# Getting a Moss Ball to stay put



## redclove (Feb 26, 2008)

Any ideas on how to get a moss ball to stay where you want it? In my tank it tends to roll with the current until it leans up against other plants, I'm wanting it to stay front and center on my 'beach' to look more like a sculptural choice.

I thought of skewering it with a wooden kabob skewer, but -

A. will skewering it harm it (doubtful)

B. the stick would get funky/rot over time. not good for the ball, not good for the tank

thoughts??


----------



## Tabatha (Dec 29, 2007)

I have a moss ball in my 8g. if it doesn't roll, it starts to grow like algae. Well, it is algae... really. It's better that it rolls, wish mine did!

You can also cut it in halves to make new balls, it's just a mass of green inside, nothing scary.


----------



## redclove (Feb 26, 2008)

good point. I would have no trouble rotating it regularily, and my cleanup crew in the tank is on-par for algae issues..


----------



## Tabatha (Dec 29, 2007)

BTW, Jungle Val is insanely huge, even for my 90g tank! I had some but in the end, decided not to use it because it over powered the entire tank. If you're looking for a Val for the tank I saw yesterday, one of my personal favorites I'd recommend is corkscrew Val . Be prepared for a little initial melting, but it does come back and spreads by runners.


----------



## redclove (Feb 26, 2008)

Tabatha said:


> BTW, Jungle Val is insanely huge, even for my 90g tank! I had some but in the end, decided not to use it because it over powered the entire tank. If you're looking for a Val for the tank I saw yesterday, one of my personal favorites I'd recommend is corkscrew Val . Be prepared for a little initial melting, but it does come back and spreads by runners.

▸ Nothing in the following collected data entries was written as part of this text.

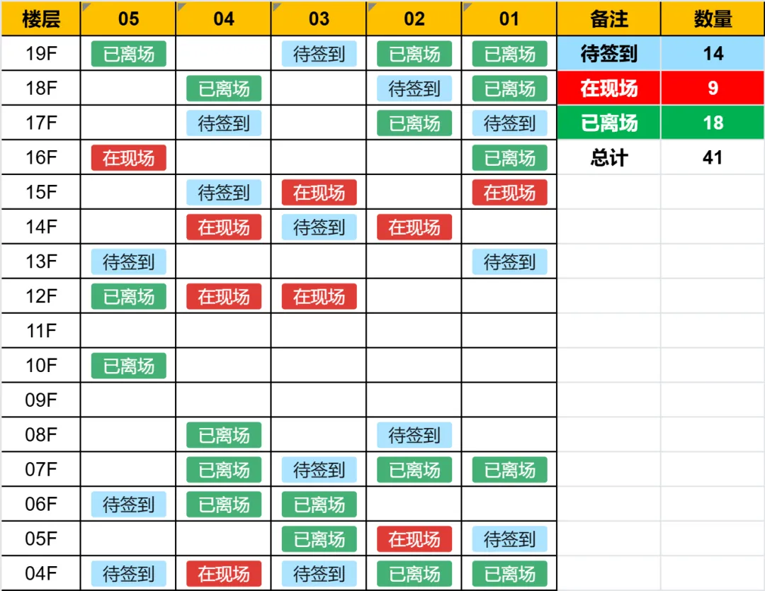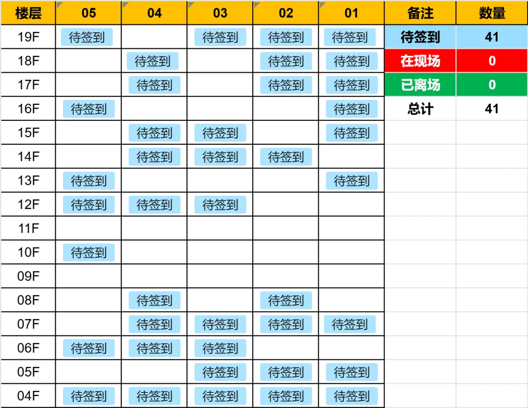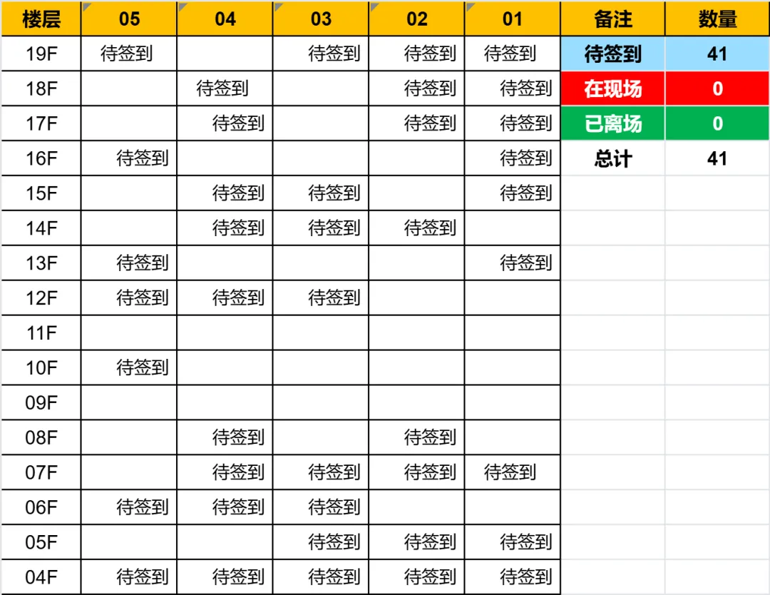 设置好后,二维矩阵中每一户将变为【下拉列表】,原先显示的“待签到”信息也会变为相应的色块。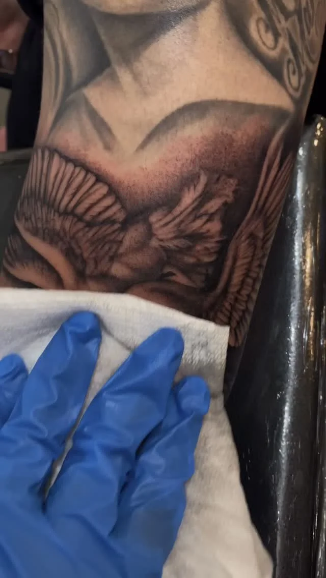 A half day is a 3-4 hour tattoo session. Within this time frame its possible to complete a palm or hand sized tattoo (4"-5" approximately). Ex. a dove, pocket watch, or skull. For hand tattoos choose this appointment type. *Disclaimer neck tattoos may take longer than half day.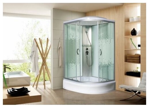 Душевая кабина мономах 120x90х210 профиль хром, стекло прозрачное с рисунком, левая 10000005827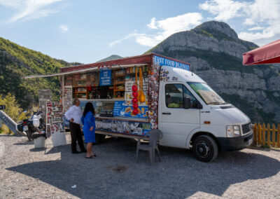 Jadę dalej. Trafiam na wjazd na przełęcz. Kilkanaście ostrych zakrętów i nachylenie 10%. Pnę się w górę. Mój Bus trochę jęczy, ale daje radę. Na górze wita mnie piękny widok na panoramę doliny i gór po drugiej stronie. Jest tam też food-truck. Jest cały oblepiony naklejkami. Szkoda, że my nie mamy swoich naklejek – może to pomysł na następne wyprawy? Leci albańska muzyka. Goście piją piwo i głośno się z czegoś śmieją. Podróżni zatrzymują się na chwilę i podziwiają widoki. Kupuję tutaj magnes do naszej kolekcji.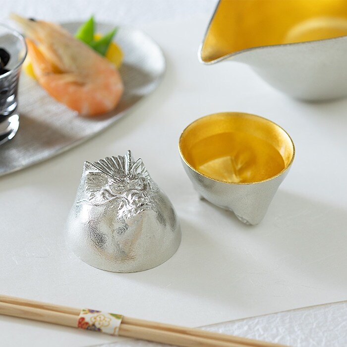 干支の動物をモチーフにした錫のぐい呑に金箔をあしらいました。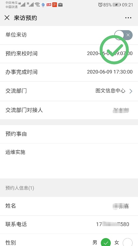 5. 填写需要查询的信息点击查询按钮跳转显示预约信息。若右上角为绿色通行此预约申请已通过。
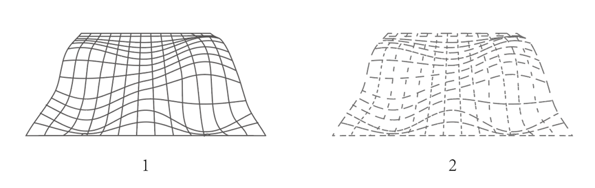 假设图1的不规则面为时空粒子的某个瞬间的运动范围,不规则面自变化成图1的形态后保持不变,因为四维中看不到平面,所以如图2,没有变化的面就会在四维空间的观测中消失,也就是时空粒子不再这区域运动。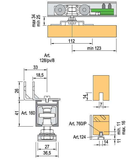Fittings for sliding interior doors up to 160 kg. including 6 profile clips. relevant guide profile = DT305-7 (2-3-6m). Bearings.
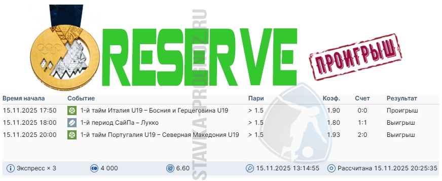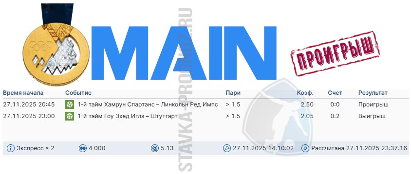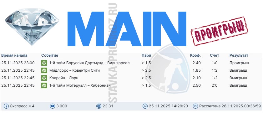 Проигрыш. Не сыграли тоталы на матч 2,5. Не хватило по мячу.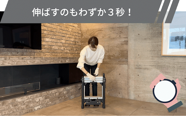 一般的な伸縮タイプの脚立のように、踏みざん(足をかける場所)の1段1段に設置されたロックを解除する必要はありません。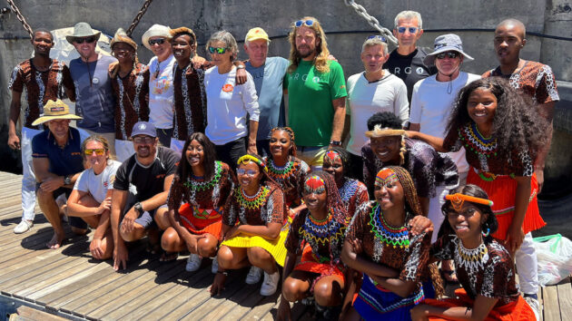 Adventurous ALMA GLOBE 580 solo sailors and 13 emotional African Zulu Dancers creating memories to last a lifetime! Credit: Don McIntyre / MGR2025.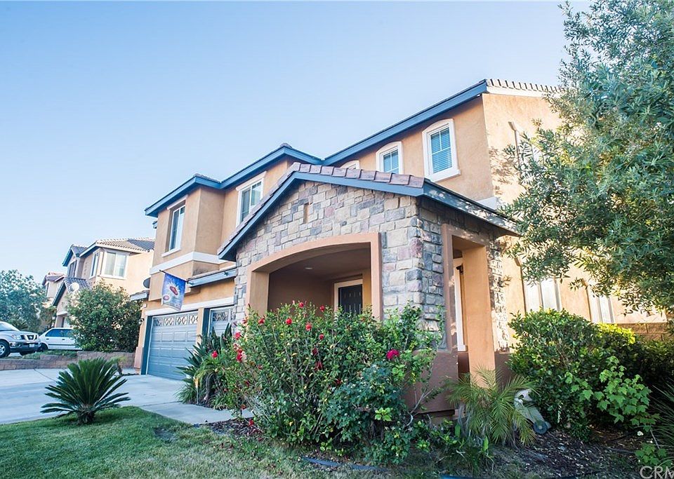 This beautiful and spacious four bedroom three bathroom property displays an excellent level of maintenance and an array of windows which allow the natural light to come in throughout the first and second floors. The first floor features a good size kitchen with granite counter tops, a built in stove, a built in oven and a walk in pantry. The living room, family room and laundry room and one full bathroom are also on the first floor. The master bedroom master bathroom, three more bedrooms, one more bathroom and an additional bonus room which looks like a loft are all located on the second floor. High ceilings feature crown molding and are wired for surround sound. In addition, this property features an insulated patio cover in the backyard with electricity, fans and lights for outdoor parties or simple quiet dinners. A must see.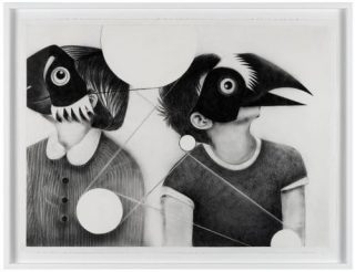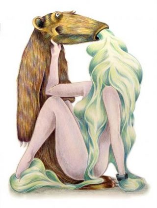 Hippolyte Hentgen est un duo d’artistes composé de Gaëlle Hippolyte et de Lina Hentgen dont le nom est à la fois l’association et le raccourci de leurs deux noms, mais aussi la création d’une troisième entité qui représente leur travail commun. Dans cette invention de personnage se trouve toute la base de leur travail qui puise dans le dessin animé ou la bande dessinée des années 1930, Oyvind Falström, la culture alternative des États-Unis et les arts graphiques (Robert Crumb, Mike Kelley…), la peinture du XVIIIe siècle, le graphisme des affiches d’entre-deux-guerres, George Herriman, l’art outsider et bien sûr l’art moderne.

Yeah hence why I am parting with mine, they are too big for my tank. Instead I am going with Cyperus helferi, I got the last one on friday at menagerie, and split it into two. hopefully it will do well. It has a nice firm bright blade, more like an ornamental grass you would get for a garden.


----------



## ameekplec. (May 1, 2008)

Those algae balls (marimo balls as known in Japan) are formed naturally because of their rolling action in the surf. It's funny to see a lake of them, just rolling around gently in the surf.
Your could always try to 'fence' it in with rocks, giving it a bit of room to roll about so that it can maintain some rolling behaviour, but still remain somewhat localized


----------